◆ Instructions for the task ◆
Select and copy out every line in the records containing "Control".

◆ Input records ◆
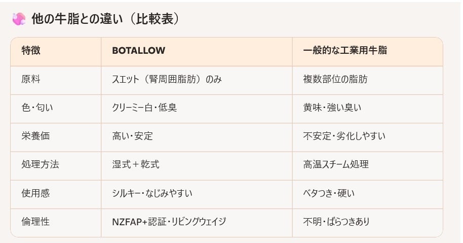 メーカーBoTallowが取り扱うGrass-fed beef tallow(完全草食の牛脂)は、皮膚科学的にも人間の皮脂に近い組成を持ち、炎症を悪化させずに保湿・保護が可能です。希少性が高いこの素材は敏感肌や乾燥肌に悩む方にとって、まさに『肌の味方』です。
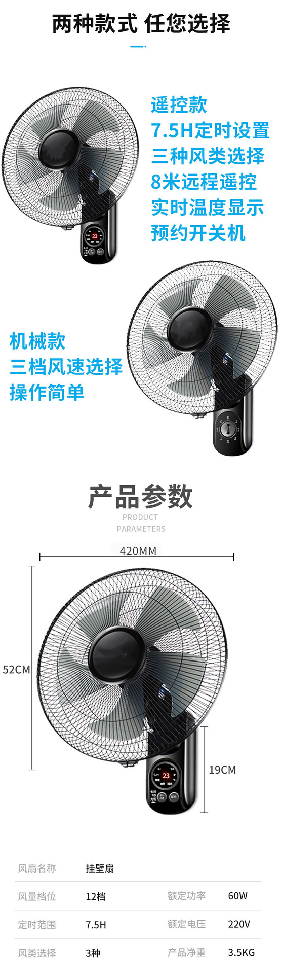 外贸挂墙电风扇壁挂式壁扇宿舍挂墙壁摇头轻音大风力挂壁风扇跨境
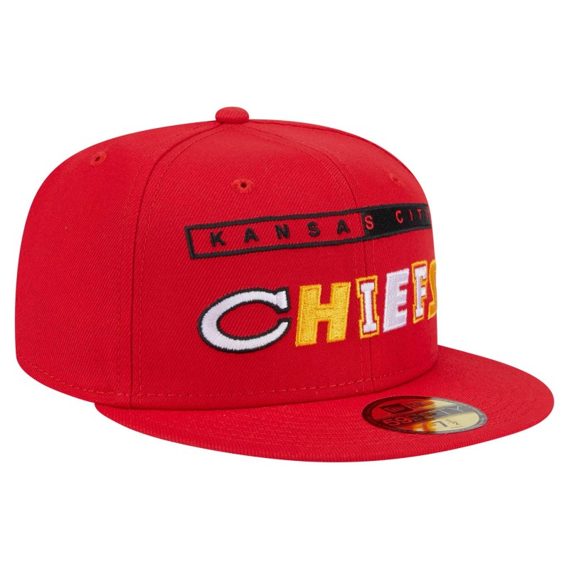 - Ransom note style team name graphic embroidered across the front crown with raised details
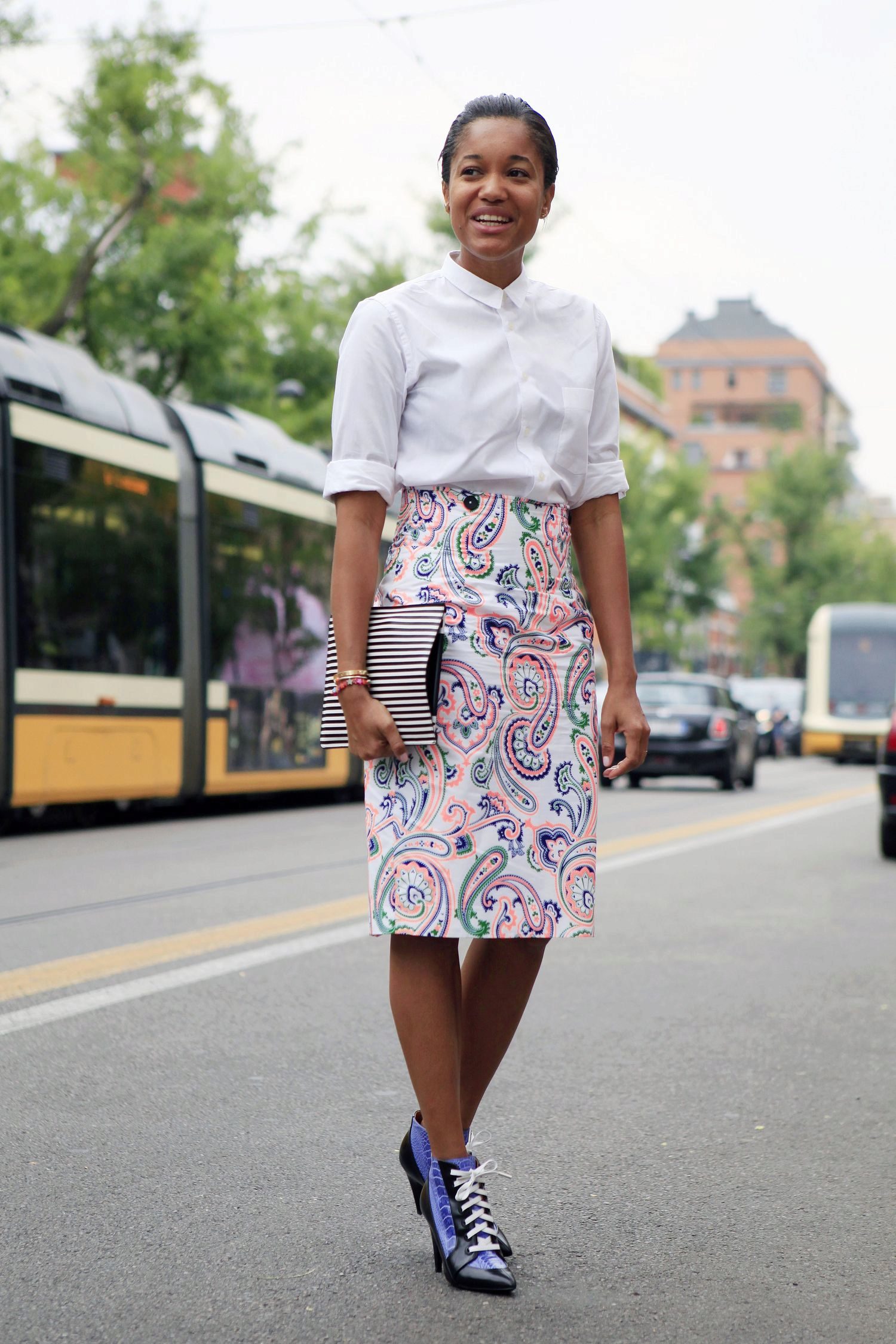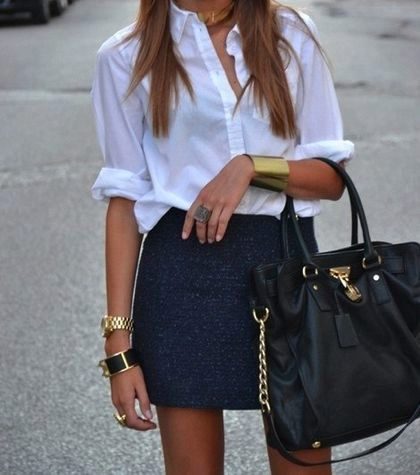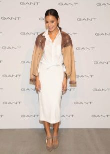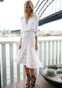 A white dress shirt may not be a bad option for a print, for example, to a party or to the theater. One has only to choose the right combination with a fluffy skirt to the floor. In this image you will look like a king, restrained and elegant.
...
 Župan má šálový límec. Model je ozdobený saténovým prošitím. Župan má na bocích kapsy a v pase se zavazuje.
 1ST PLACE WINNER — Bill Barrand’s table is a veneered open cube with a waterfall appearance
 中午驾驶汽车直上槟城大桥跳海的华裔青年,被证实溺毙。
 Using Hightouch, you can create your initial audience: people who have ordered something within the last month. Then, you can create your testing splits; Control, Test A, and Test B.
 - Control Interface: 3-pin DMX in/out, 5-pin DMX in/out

◆ Task result ◆
 Using Hightouch, you can create your initial audience: people who have ordered something within the last month. Then, you can create your testing splits; Control, Test A, and Test B.
 - Control Interface: 3-pin DMX in/out, 5-pin DMX in/out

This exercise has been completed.